The agreement is voluntary, but binding for the contracting parties. Both primary producers, manufacturers, wholesalers, retailers, restaurants, households and the authorities must take responsibility for reducing food waste. Both the food industry and the government believe that the chances of success are greater with collaboration, which may include private and public initiatives across the value chain, including consumers.

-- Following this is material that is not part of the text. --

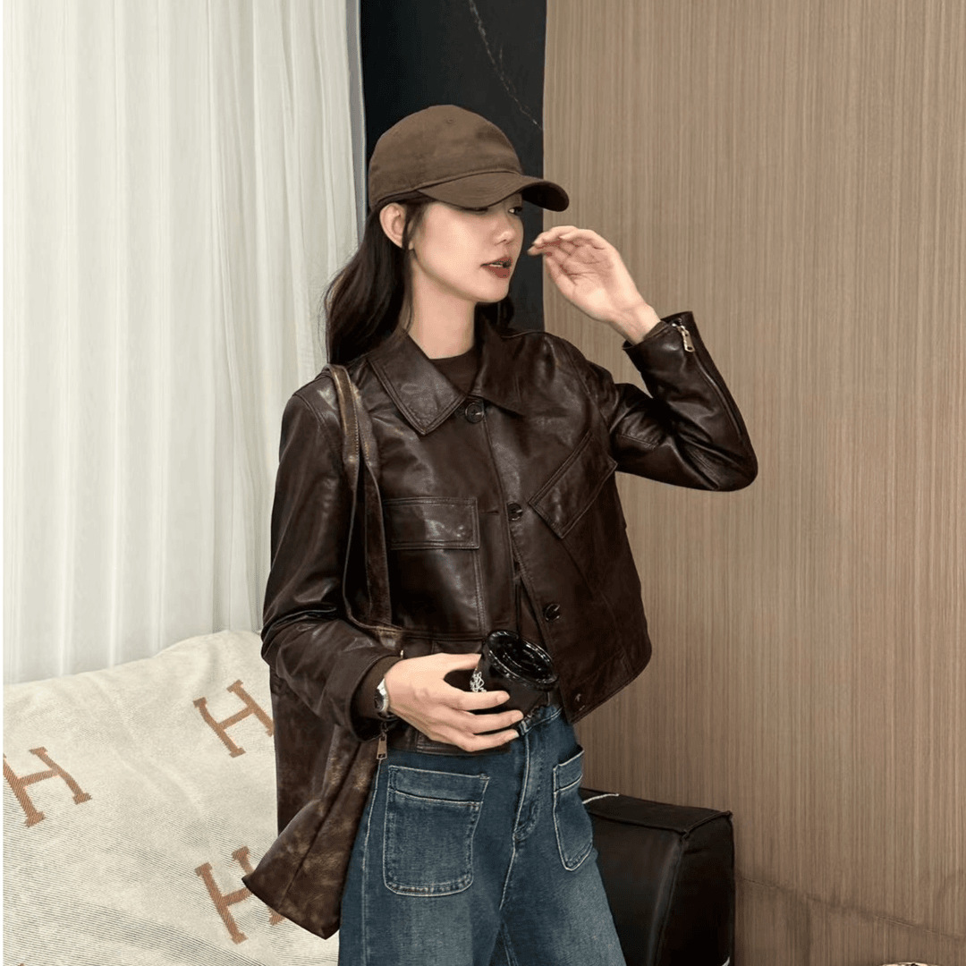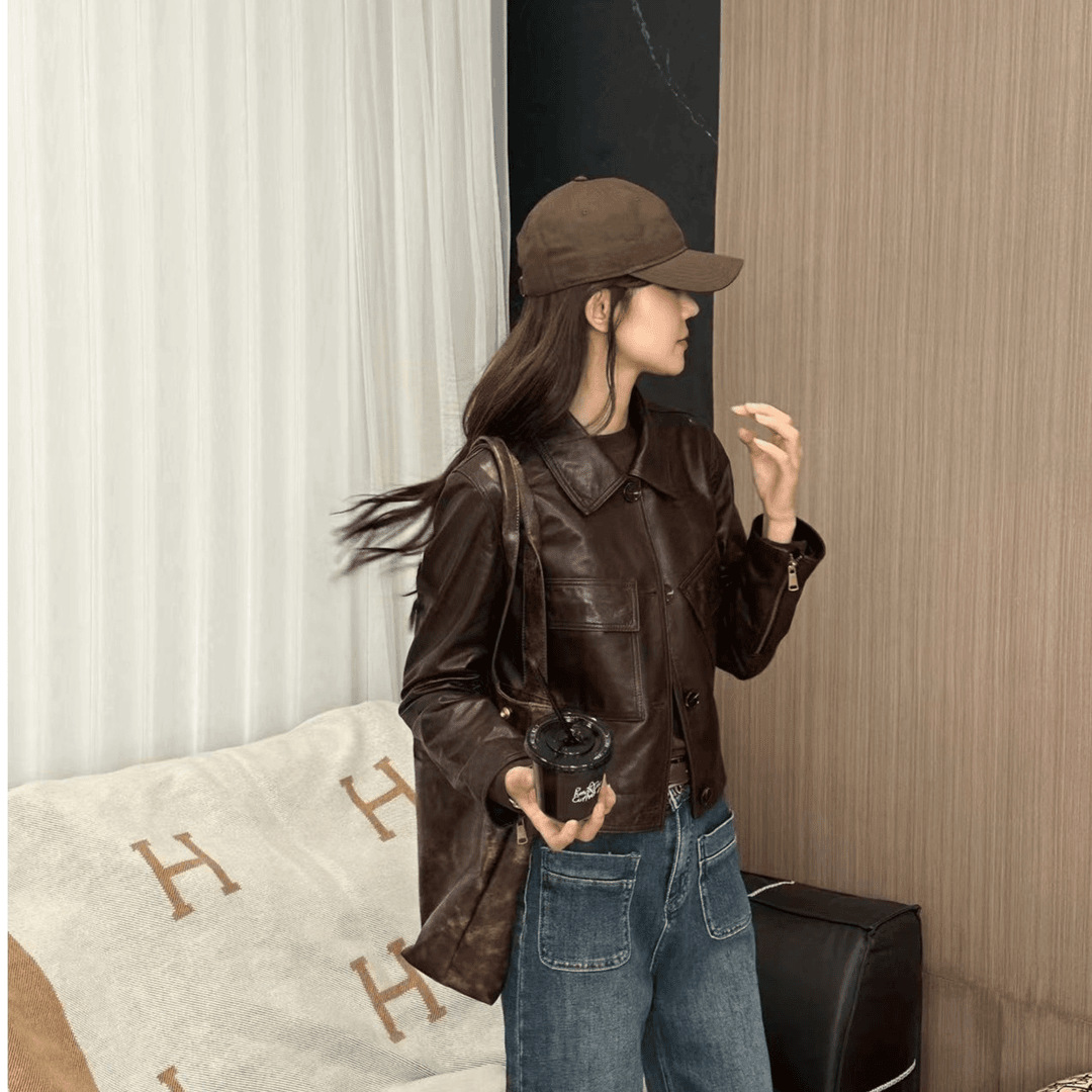 “The Wind in the Forest” Sheepskin Leather Short Coat Women’s Maillard Cafe Leather Leather Autumn and Winter Motorcycle Jacket

Consequently, Norway sees great benefits in engaging all sectors and the entire value chain. 350 000 tonnes (metric) perfectly edible food is thrown away annually in Norway. More than half of this amount is thrown out by the consumers. Measures at one point along the value chain may affect whether the food is wasted or not at another point of the value chain. The various industry organizations will contribute with actions in their own sector and across the spectrum, and influence consumers to waste less food. Each organization can choose which measures they implement to reach the common goal. The fact that the entire food value chain from primary production to consumers is involved, will safeguard against disproportionate pressure on just one part of the food chain.
It is necessary to map the problem to decide on appropriate measures. The industry will take responsibility for collecting data from their members. The authorities will compile national statistics after receiving reports from the industry, and also provide consumer statistics.